**Your assignment:** Reproduce the listing in full, pictures excluded.
*** Record extracts Section Begins ***
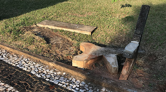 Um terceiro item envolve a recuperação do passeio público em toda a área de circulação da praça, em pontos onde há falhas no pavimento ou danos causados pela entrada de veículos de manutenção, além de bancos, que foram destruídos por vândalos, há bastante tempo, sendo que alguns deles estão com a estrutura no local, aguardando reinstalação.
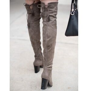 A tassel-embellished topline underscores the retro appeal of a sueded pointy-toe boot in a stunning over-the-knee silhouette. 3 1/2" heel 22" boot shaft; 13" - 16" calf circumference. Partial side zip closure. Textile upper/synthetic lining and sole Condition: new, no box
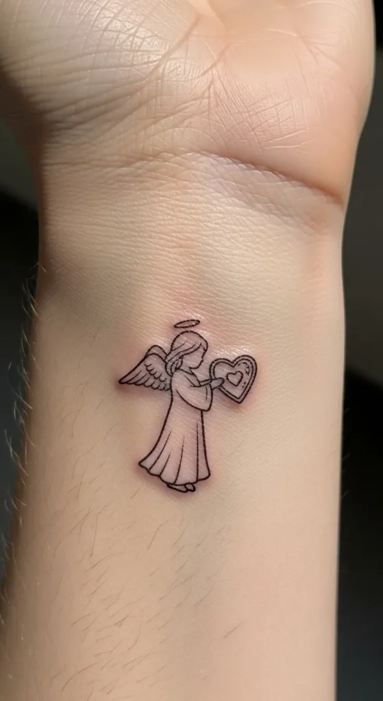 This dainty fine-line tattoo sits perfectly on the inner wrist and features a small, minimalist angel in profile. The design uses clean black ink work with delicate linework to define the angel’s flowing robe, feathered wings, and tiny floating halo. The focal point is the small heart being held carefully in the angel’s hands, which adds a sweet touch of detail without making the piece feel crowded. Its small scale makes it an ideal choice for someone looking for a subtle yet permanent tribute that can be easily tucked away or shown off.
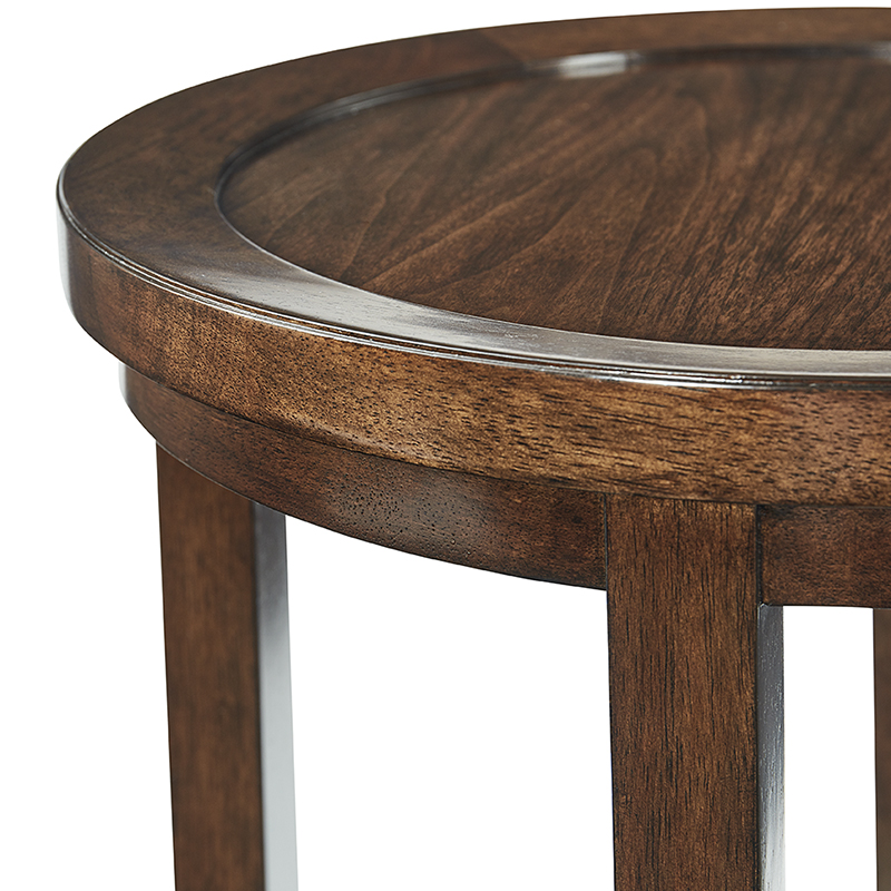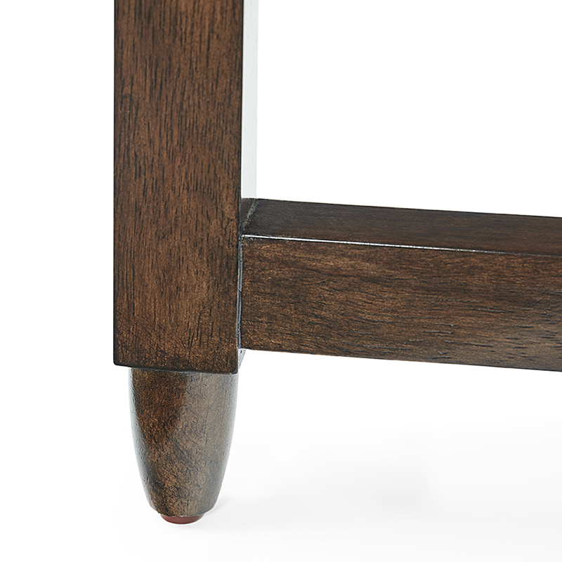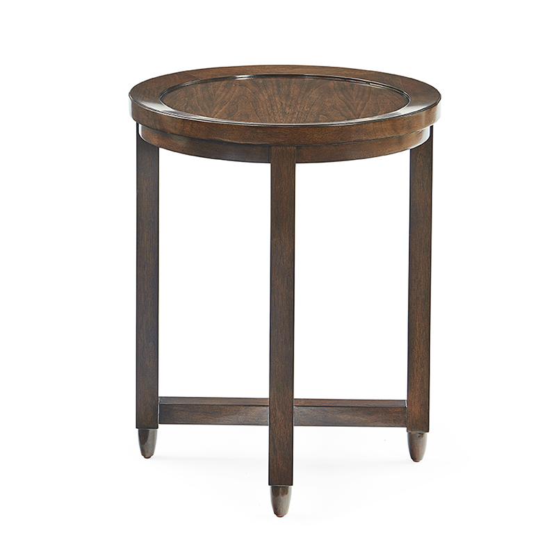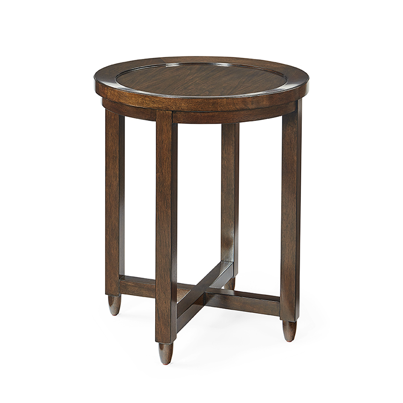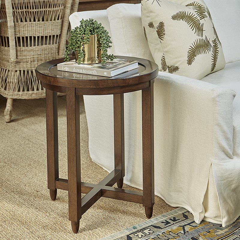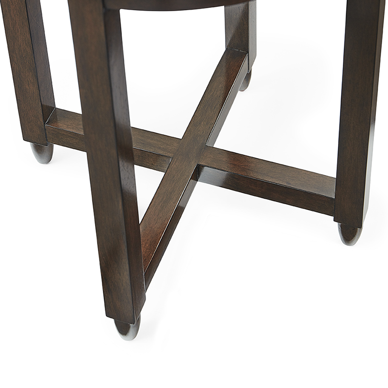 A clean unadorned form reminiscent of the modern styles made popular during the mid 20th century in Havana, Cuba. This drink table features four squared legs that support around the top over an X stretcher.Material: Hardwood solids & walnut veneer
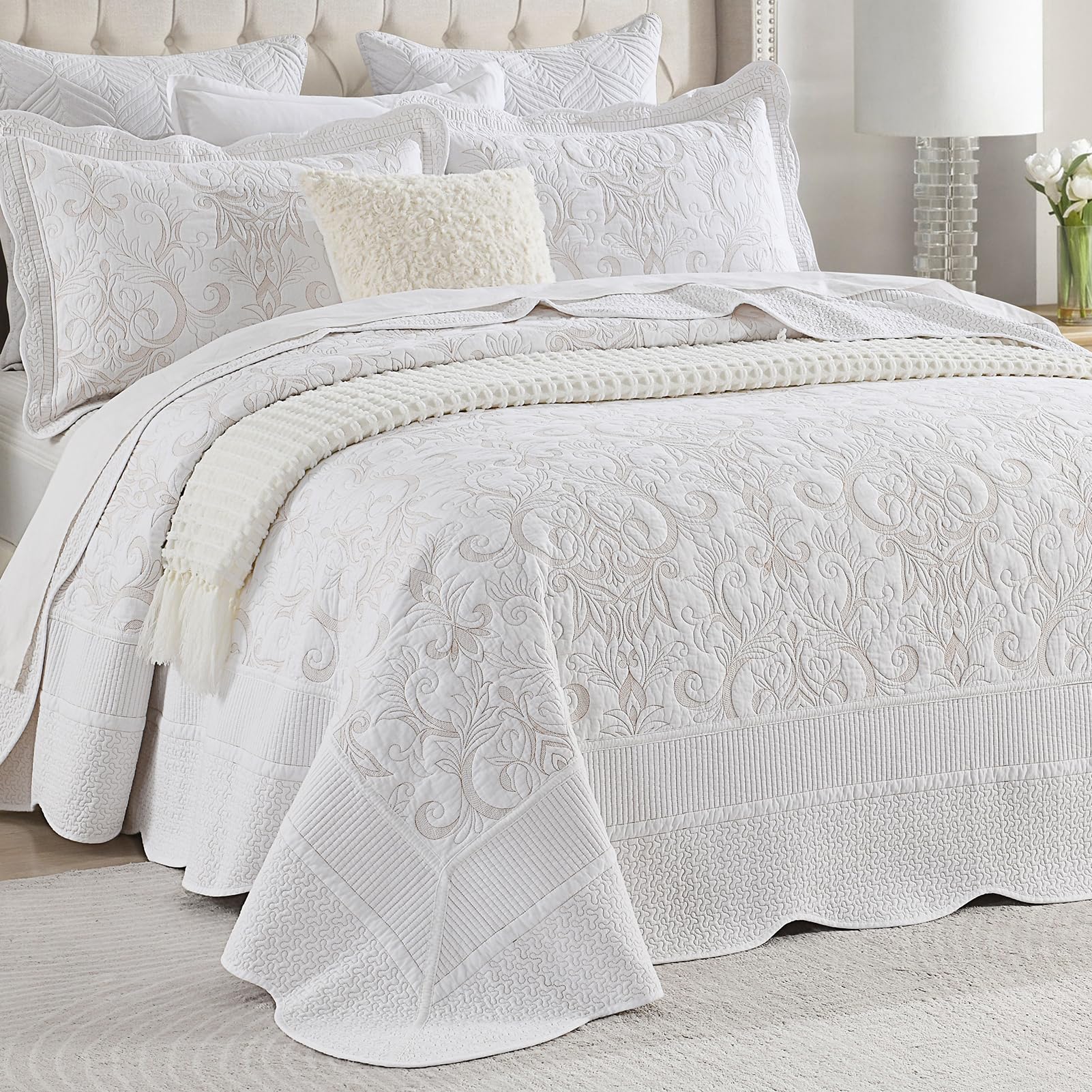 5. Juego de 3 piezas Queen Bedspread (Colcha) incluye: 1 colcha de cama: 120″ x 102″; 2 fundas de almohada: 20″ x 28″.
*** Record extracts Section Ends ***
**Exercise result:**
 Um terceiro item envolve a recuperação do passeio público em toda a área de circulação da praça, em pontos onde há falhas no pavimento ou danos causados pela entrada de veículos de manutenção, além de bancos, que foram destruídos por vândalos, há bastante tempo, sendo que alguns deles estão com a estrutura no local, aguardando reinstalação.
 A tassel-embellished topline underscores the retro appeal of a sueded pointy-toe boot in a stunning over-the-knee silhouette. 3 1/2" heel 22" boot shaft; 13" - 16" calf circumference. Partial side zip closure. Textile upper/synthetic lining and sole Condition: new, no box
 This dainty fine-line tattoo sits perfectly on the inner wrist and features a small, minimalist angel in profile. The design uses clean black ink work with delicate linework to define the angel’s flowing robe, feathered wings, and tiny floating halo. The focal point is the small heart being held carefully in the angel’s hands, which adds a sweet touch of detail without making the piece feel crowded. Its small scale makes it an ideal choice for someone looking for a subtle yet permanent tribute that can be easily tucked away or shown off.
 A clean unadorned form reminiscent of the modern styles made popular during the mid 20th century in Havana, Cuba. This drink table features four squared legs that support around the top over an X stretcher.Material: Hardwood solids & walnut veneer
 5. Juego de 3 piezas Queen Bedspread (Colcha) incluye: 1 colcha de cama: 120″ x 102″; 2 fundas de almohada: 20″ x 28″.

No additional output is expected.